Mandarin emerges as the most popular language to learn in Victorian schools



“Enrollment of students in language programs has increased dramatically at the primary level over the past six years, indicating that many schools are expanding their existing programs,” the Ministry of Education report says.


“High school enrollment has remained relatively stable over the same period, with enrollment trending upwards in 2020.”

The report only covers public schools, which educate about two-thirds of Victorian students, but it shows strong adoption of the language across all school districts.

Just over 18% of students graduating from a public high school completed a VCE language in 2020. The figure rises to 21.8% of graduates from public, Catholic and independent schools.

When it comes to retention, the report shows that high school students are the most likely to continue Chinese, French, German, Greek and Japanese until grade 12.
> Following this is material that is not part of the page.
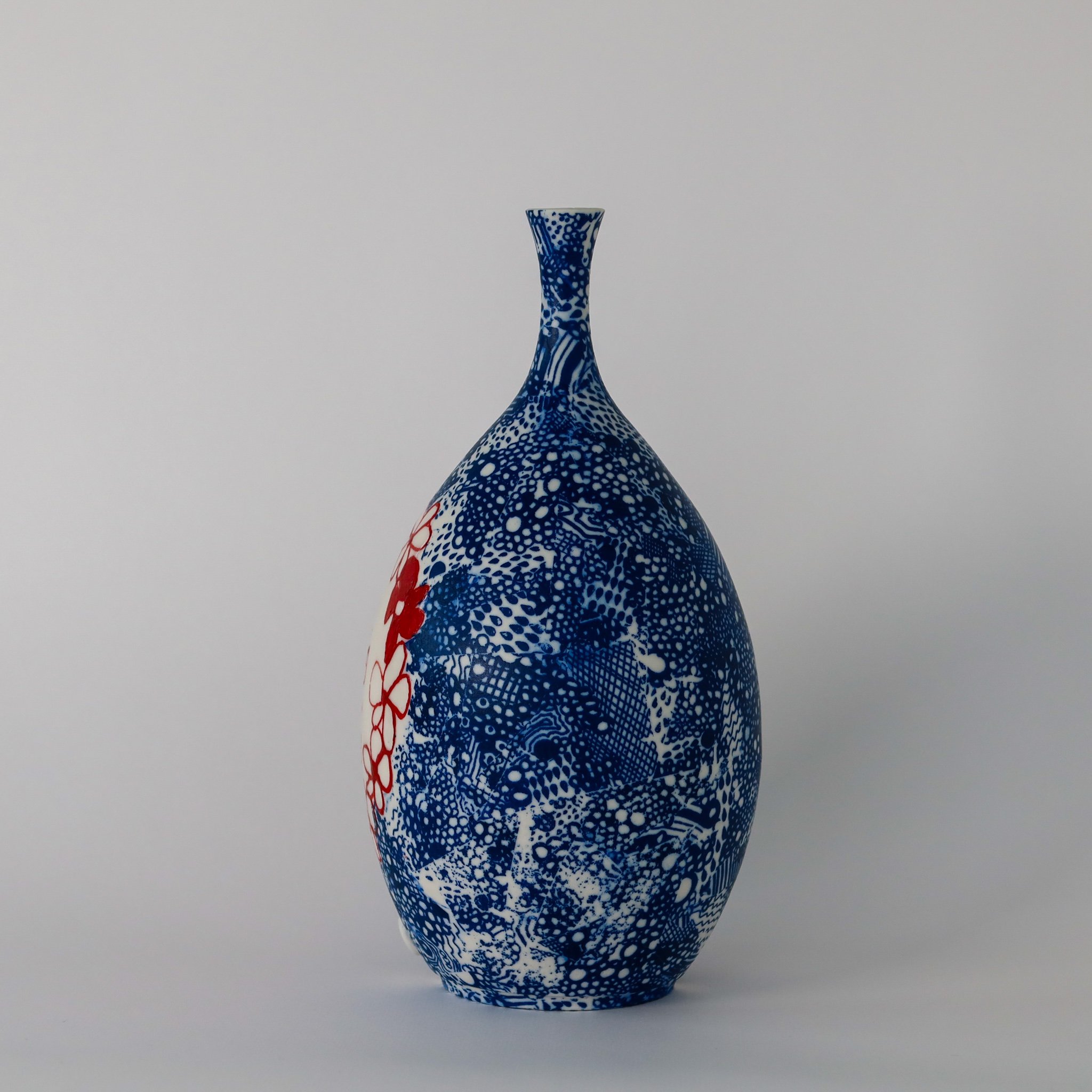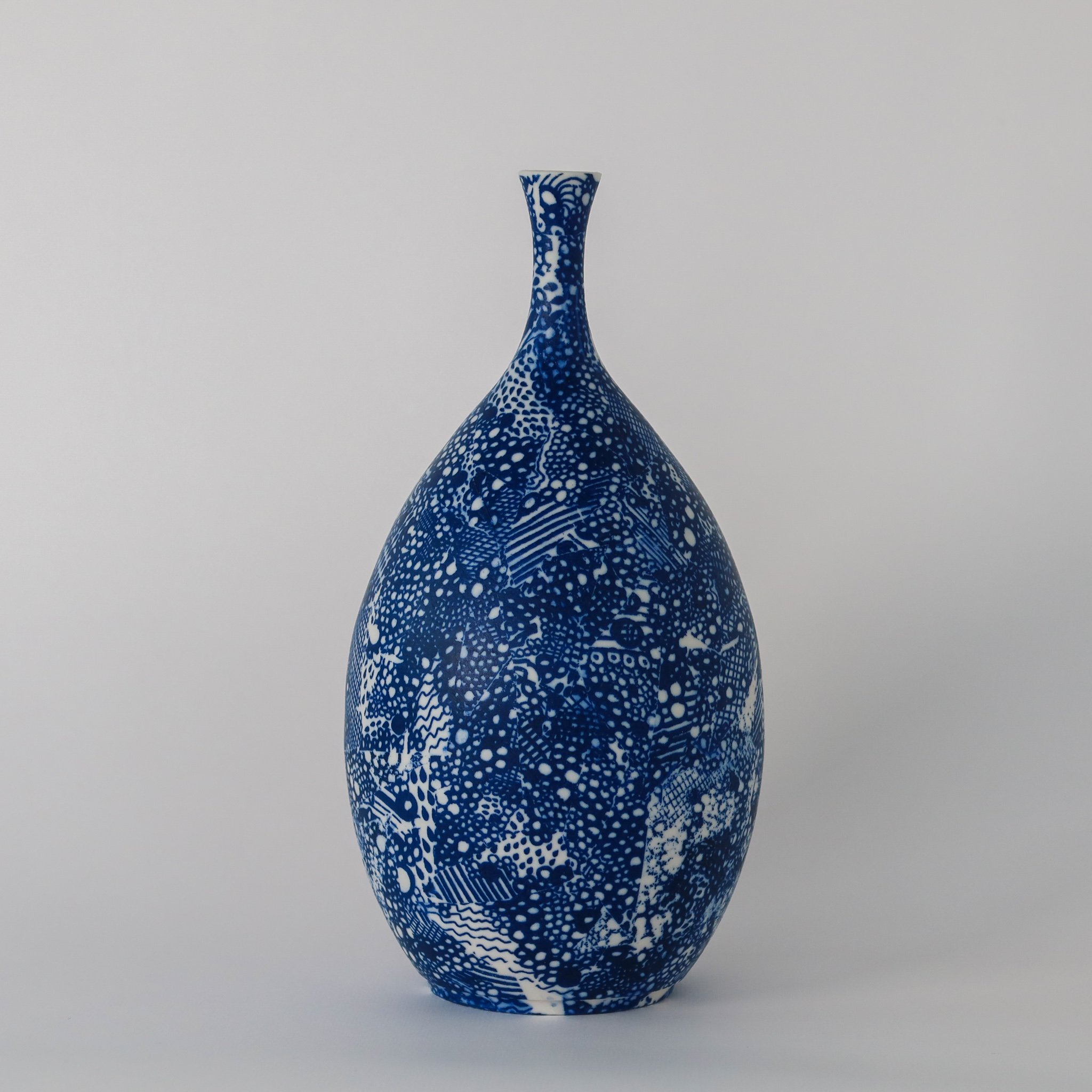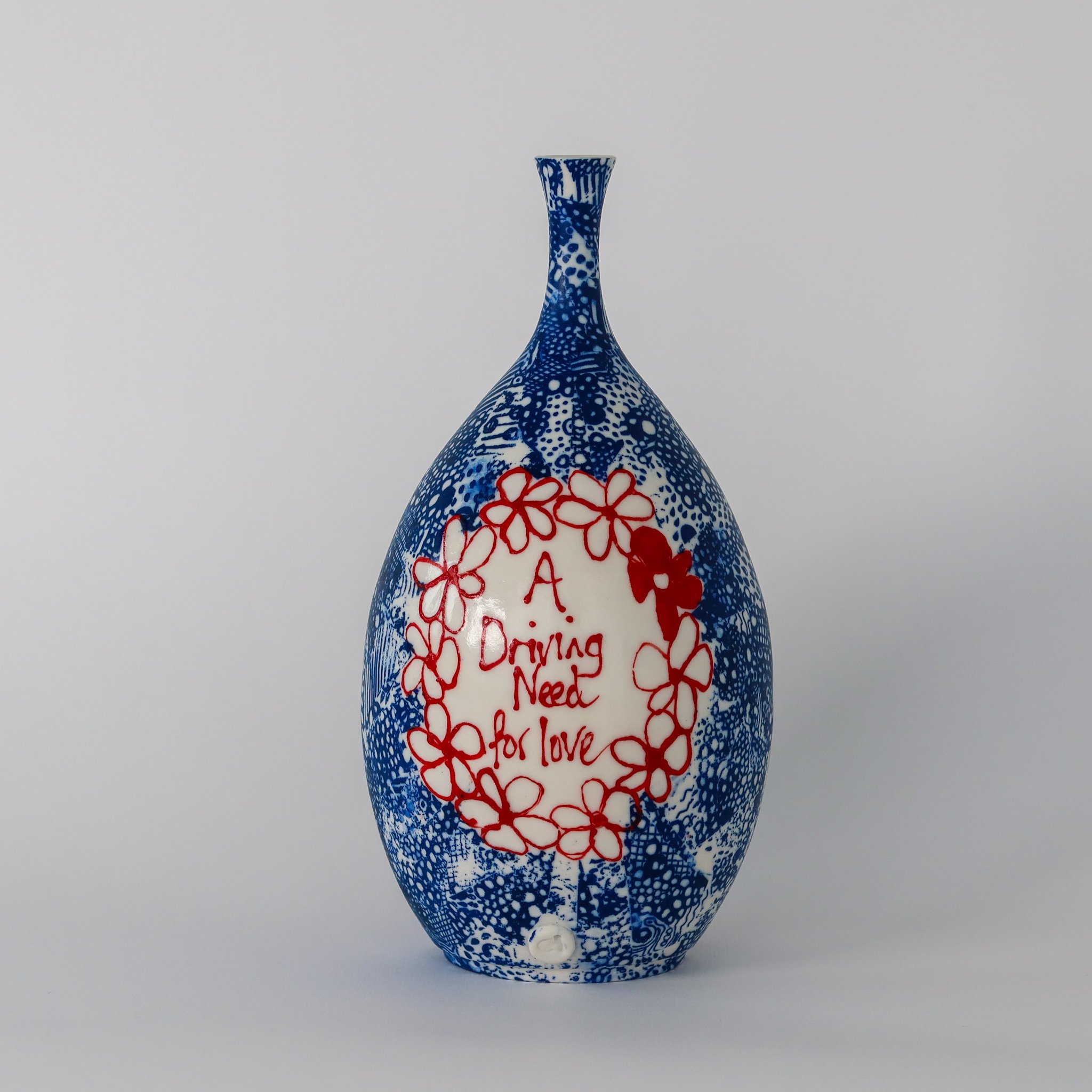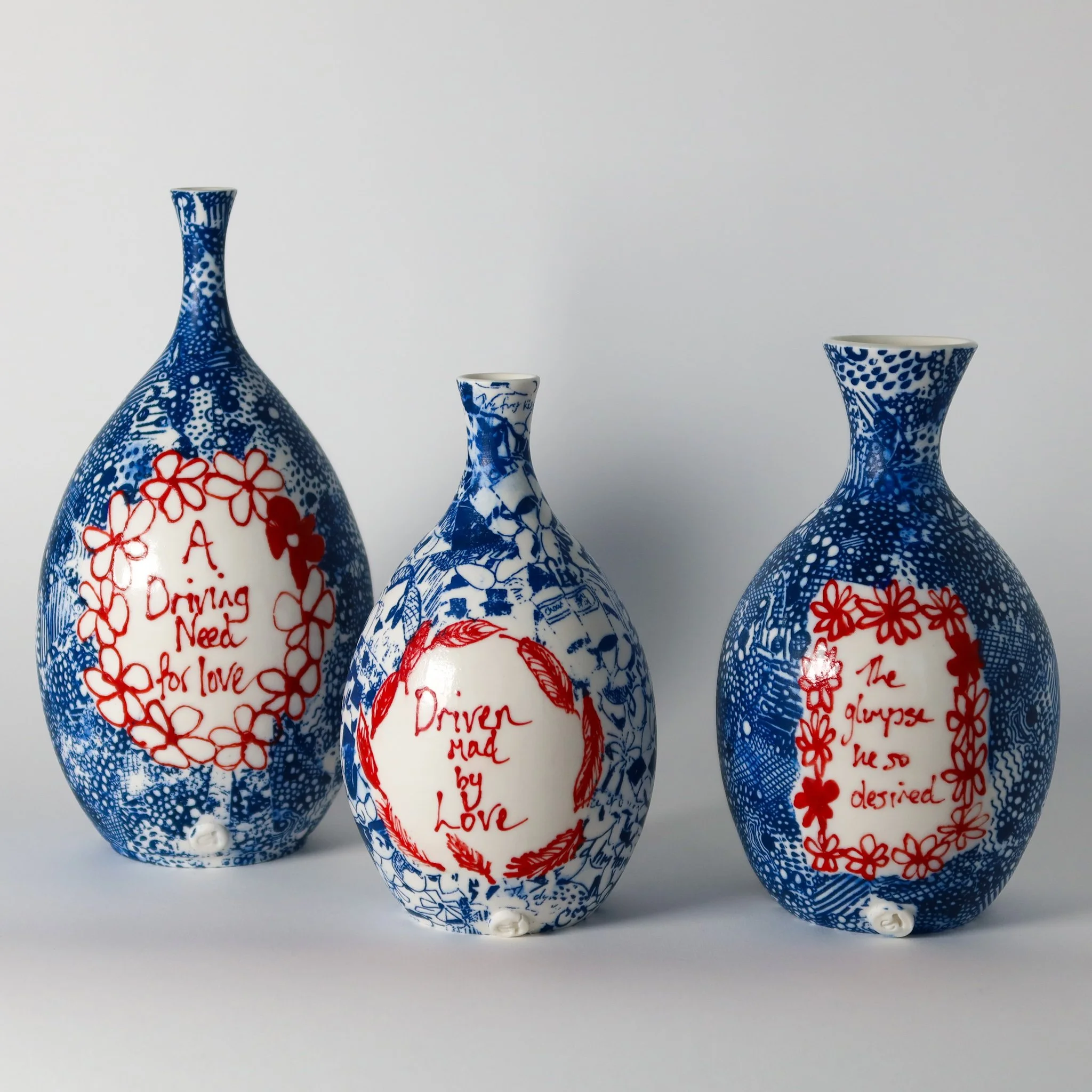 A hand thrown porcelain bottle hand decorated with screen printed drawn details and hand painted words and motifs. Images and texts are taken from a re-reading of Love in the Time of Cholera by Gabriel Garcia Marquez.

“By grade 7, Indonesian, French, Italian and Japanese were the most studied languages, but by grade 12 the proportional enrollments in Indonesian and Italian had declined dramatically,” he said. declared. “This trend has been countered by a significant increase in proportional enrollment in Chinese, which is largely due to an increase in the number of students in Chinese first language programs at upper secondary level.”

Michiko Weinmann of Deakin University pointed out the large differences in language contact times in primary schools, ranging from less than 30 minutes per week to full bilingual programs.

“This could raise questions about the coherence of the language teaching offer,” she said.

Dr Slaughter said the lack of time was likely due to a lack of qualified teachers and some schools pretending to speak languages.


“Thirty minutes a week is not enough; the ministry recommends 150, ”she said. “The average is 60, so you have a lot of disgruntled people going to elementary school and saying, ‘I [only] know my numbers. ”

Richmond West Elementary School is one of Victoria’s bilingual public schools and operates a bilingual Chinese and a smaller Vietnamese program.

Principal Tip Kennedy said that the students in the Chinese program are “largely not steeped in history and speak their first word of Chinese when they arrive in preparation.” The students in the Vietnamese program all have a Vietnamese cultural heritage.

In the Chinese program, the program is taught in the language half the week and in English the other half.

“Students easily transition between the two languages ​​in the classroom and in the yard,” she said.